5. The learned Counsel further submitted that P.W.1 did not say in so many words that he stirred the milk when he took the samples. He only stated that he made the milk homogeneous and took two samples. The requirement of law is that he should state in positive terms that he stirred the milk clockwise and anti clockwise with cleanrod. In the absence of such vital statement taking of samples renders of no use. In support of his contention he relied upon the judgment in Sat Pal v. State of Haryana, IV (1996) CCR 437 and also relied on the decision in The State of Punjab v. Paramjit Singh, 1996 (2) PFA Cases 310. In those cases the learned Judges categorically held that the food item particularly milk when taken in large quantity should be made homogeneous and there should be positive evidence that the Food Inspector stirred the milk clockwise and anti-clockwise with a clean rod making it homogeneous. In the case on hand, the said evidence is not forthcoming. Therefore, the claim of the prosecution that the milk was made homogeneous renders doubtful.
6. The next point urged by the learned Counsel is that Rule 22 of the Prevention of Food Adulteration Rules says that the quantity of milk to be sent is 250 ml. In this case, the sample of 220 ml. of milk was only sent. Hence, Rule 22 is violated. The benefit of the violation of this rule should go to the accused. In support of his contention he relied on the judgment of the Supreme Court in R.G. Pamnani v. State of Maharashtra, . In this case their Lordships held that if the statutoryily required quantity is not sent, the analyst report renders doubtful.
7. The learned Public Prosecutor on the other hand contended that the previous rule required only 220 ml. to be sent and by the amendment in the year 1985, the quantity was enhanced to 250 ml. Further, the Public Analyst did not raise any objection and also did not opine that the quantity sent is not sufficient for the purpose of analysis. The fact that lesser quantity is sent was not an impediment for making proper analysis. Therefore, this objection is untenable.
8. I do not agree with the learned Public Prosecutor. When the statute required that the minimum quantity of 250 ml. should be sent, it should be strictly complied with. No excuse or convenience can be looked into by explanation.
9. Further Rule 15 of the Prevention of Food Adulteration Rules indicates that the Code number and serial number should be specifically mentioned in the sample and also in the report sent by the Analyst. In this case, the sample bore the Code No. F-923 and Sl.
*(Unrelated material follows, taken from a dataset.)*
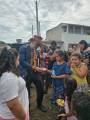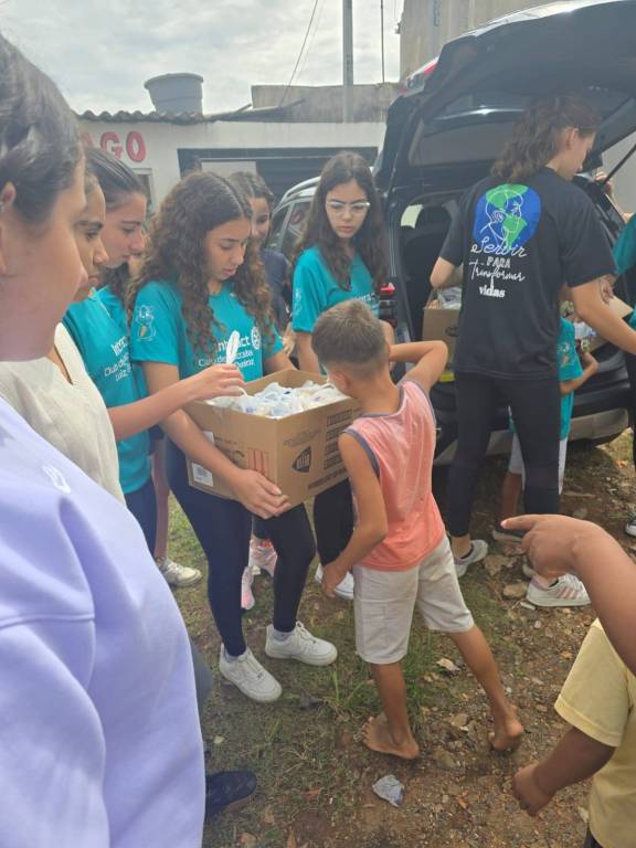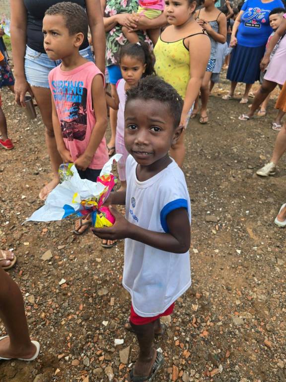 Na sequência os mesmos jovens fizeram a entrega de caixas de Bis para 240 crianças da Comunidade Frederico.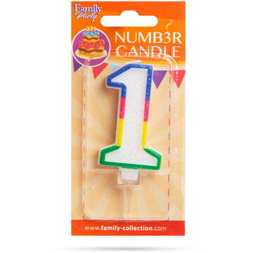 Lumânare pentru tort în forma cifrei 1. Dimensiune: 7 x 4 cm

No. 64/92. However, in Ex.P-13 which is the Analyst report, no code number is mentioned. Hence, it is doubtful whether the report pertains to the sample sent by P.W.1 in this case. In similar circumstances, this Court in Khem Chand v. State of A.P., 1997(1) ALT (Crl.) 293 = 1997 (1) ALD (Crl.) 285, held that if there is discrepancy between the code number of the sample and also the code number given in the report of the Analyst that discrepancy should accrue to the accused. Following this judgment, I am of the opinion that in this case also the accused is entitled for the benefit of doubt.
10. For all the above reasons, I set aside the conviction and sentence passed by the Courts below. The Criminal revision is accordingly allowed.